While B’nai Brith, FSWC and CIJA’s statements on the graffiti present the school as sacrosanct, apolitical, terrain, they didn’t object when a politician used it as a backdrop to express his anti-Palestinian bonafides. During a 2012 tour of Leo Baeck then Liberal Liberal party leadership contender Justin Trudeau criticized Iran, celebrated Israel and distanced himself from his brother Alexandre’s support for Palestinians.
Over the past year the Canadian Jewish News has published at least three stories about the growing attention devoted to Israel education at Jewish schools. A 2017 cover story titled “What to teach Jewish students about Israel?” detailed the growing importance given to classes on Israel at Jewish day schools. While students have long been “taught from a young age to see Israel as the land of milk and honey”, in recent years Jewish day schools have ramped up their indoctrination in reaction to “anti-Israel student groups on campuses throughout North America.”

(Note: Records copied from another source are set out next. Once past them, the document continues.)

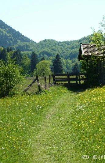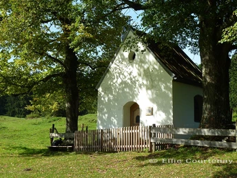Bevor wir heute weiterwandern, statten wir der Ohlstadter Mariengrotte einen Besuch ab. Sie liegt versteckt hinter der Kirche St. Laurentius. Um sie zu finden, gehen wir durch den Friedhof um die Kirche herum und finden im östlichen Winkel einen Durchgang in der Mauer. Über zwei Steintreppen können wir durch die kleine Anlage um die Grotte herum gehen. Laut Chronik ist im handgeschriebenen Merkbuch von Pfarrer Schlintmann zu lesen, dass sie „von März bis Sept. 1910 durch freiwillige Gaben“ erbaut wurde. Nach wie vor wird sie von den Einheimischen als Ort des stillen Gebets und der Fürbitte aufgesucht. Ein guter Platz, den Tag und eine neue Etappe des Weges zu beginnen. Auch die Dorfkirche lädt zu einem Besuch ein. Bereits im Jahre 1085 wurde sie erstmals erwähnt, 1702 brannte die damalige Kirche ab, 1762 fand die Weihe der jetzigen Kirche statt. Sechzig Jahre lang musste das kleine „Fieberkircherl“ als Ersatz für die Dorfkirche dienen. Zurück auf der Hauptstraße folgen wir ihr nach links, gehen rechts am Maibaum vorbei in die Heimgartenstraße, folgen ihr und gehen dann geradeaus weiter auf der Wankstraße. Es geht leicht bergauf, vor einer Brücke gabelt sich die Straße, wir halten uns links und kommen auf den „Rundweg Kaltwasserfälle“. Nach dem Gatter folgen wir dem kleinen Fußweg bergauf. Bei der Abzweigung „Ramm“ gehen wir rechts weiter und haben kurz darauf einen herrlichen Ausblick auf Ohlstadt, aufs Murnauer Moos und die gesamte umgebende Landschaft. Hier war früher der Startplatz für die Natureisbahn der berühmten Ohlstadter Bobfahrer, im Winter ist hier ein kleiner Skilift in Betrieb. Wir folgen dem Weg entlang der Anhöhe, vorbei am Kriegerdenkmal und gelangen geradeaus zum Ohlstadter Sportplatz. Wir kommen auf eine Forststraße und folgen dem Schild „Eschenlohe über Heuberg 5,8 km“. Nach etwa 200 Metern gelangen wir durch ein Gatter auf eine Viehweide. Wir folgen der Forststraße bis rechts ein kleiner Fußweg mit dem Wegweiser „Boschet-Rundweg“ auftaucht. Während wir diesem Pfad ein Stück durch die „Buckelwiesen“ und ein kleines Wäldchen folgen, sehen wir die „Boschetkapelle“ mit fünf Bildstöcken bereits auftauchen. Sie wurde aus Dankbarkeit erbaut, weil die Schweden im Dreißigjährigen Krieg (1618–48) Dorf und Einwohner verschont hatten. 1874 wütete der Milzbrand unter den Tieren, die Bauern legten in der Kapelle das Gelöbnis eines jährlichen Bittgangs ab und die Seuche erlosch. Eine Stele und eine Bank laden zum Verweilen ein. Wenn wir durch das kleine Fenster in der Tür schauen, entdecken wir rechts neben dem Altar eine „Schwarze Madonna“ mit Kind.
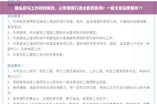 随着企业发展和管理的多元化需求,部分公司开始要求员工提供银行流水作为入职、晋升或审计的一部分,这一做法已经引发了广大公众关于隐私权与工作权的深入讨论,本文将深入探讨公司查银行流水的合理性,以及员工在此过程中的权利与隐私保障。
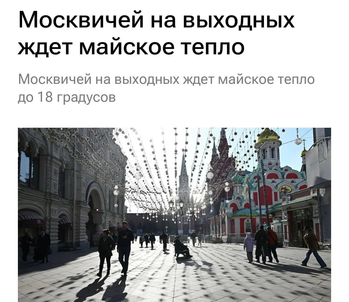В Москву придёт жара до +18°C — синоптики пообещали майское тепло уже к концу этой недели.
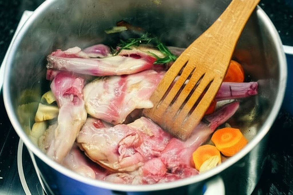 Sekret doskonałego pasztetu tkwi w powolnym duszeniu mięsa z warzywami, rozmarynowym aromatem i dodatkiem Kostki do mięs pieczeniowej Knorr, która wydobywa głębię smaku. Połączenie delikatnego mięsa królika z wątróbką i boczkiem tworzy harmonijną kompozycję, która po upieczeniu zachwyca aksamitną konsystencją i bogatym smakiem.
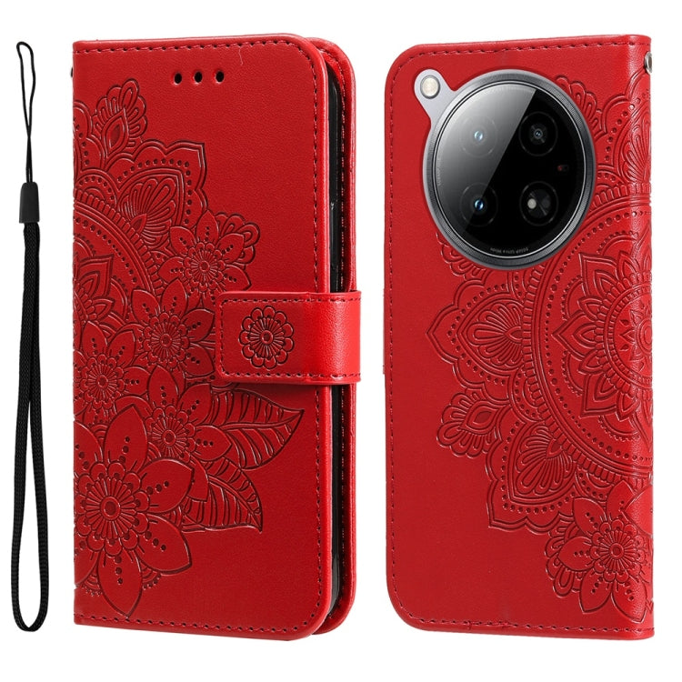 Funda de Cuero con Relieve Flores Siete Pétalos para Infinix Zero 40 4G/5G (Rojo)
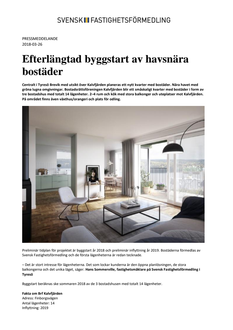 Centralt i Tyresö Brevik med utsikt över Kalvfjärden planeras ett nytt kvarter med bostäder. Nära havet med gröna lugna omgivningar. Bostadsrättsföreningen Kalvfjärden blir ett småskaligt kvarter med bostäder i form av tre bostadshus med totalt 14 lägenheter. 2–4 rum och kök med stora balkonger och uteplatser mot Kalvfjärden. På området finns även växthus/orangeri och plats för odling.
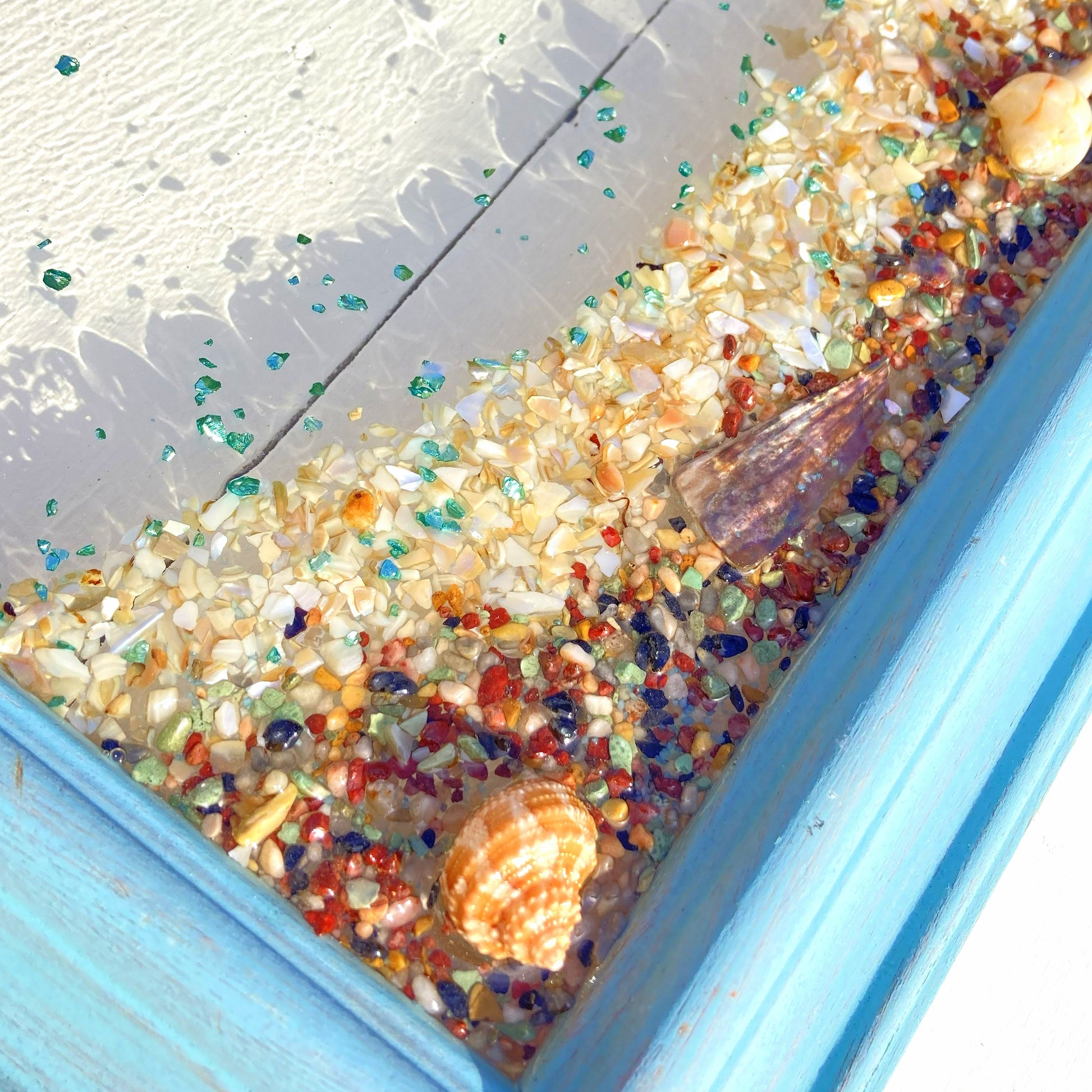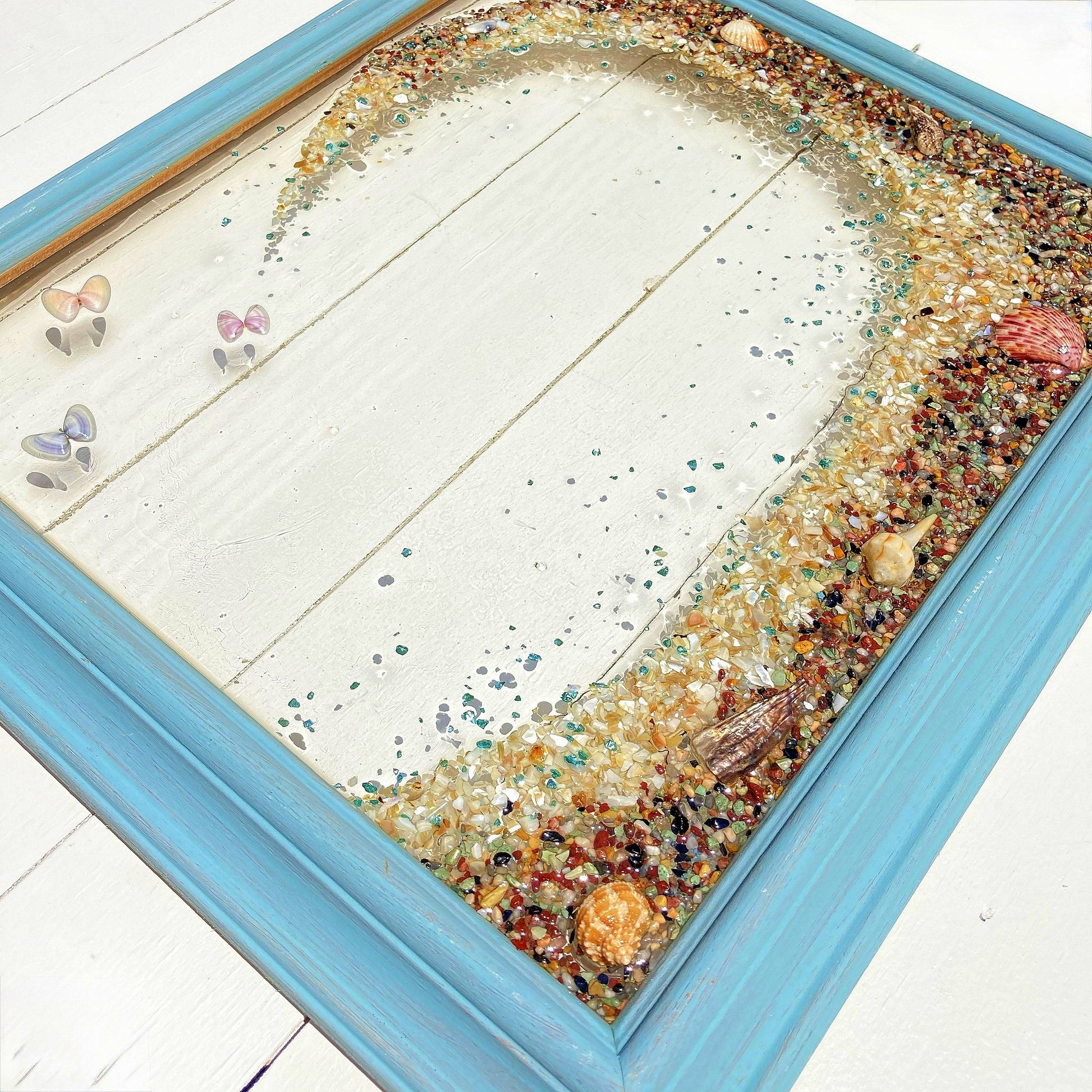 This piece has "stolen our hearts" with its soothing colors and sweetness. We can't help but hear Doris Days, "On Moonlight Bay" when we look at this piece! This sweet frame would look so lovely in a child's room, self - care room, kitchen or anywhere else you want to have a soft smile brought to your face. Soothing sea foam bubble rocks are accented with shimmering cut glass, while several shell butterflies dance on the music notes in the sky.

When a school engages in partisan political activity in support of a foreign country, when it supports racism and intolerance against an oppressed people, when it indoctrinates children in these views, surely it cannot be surprised that some would be upset, and might illustrate their displeasure.
One can debate the merits of writing political graffiti on school grounds, but what news reports described was certainly not anti-Semitic.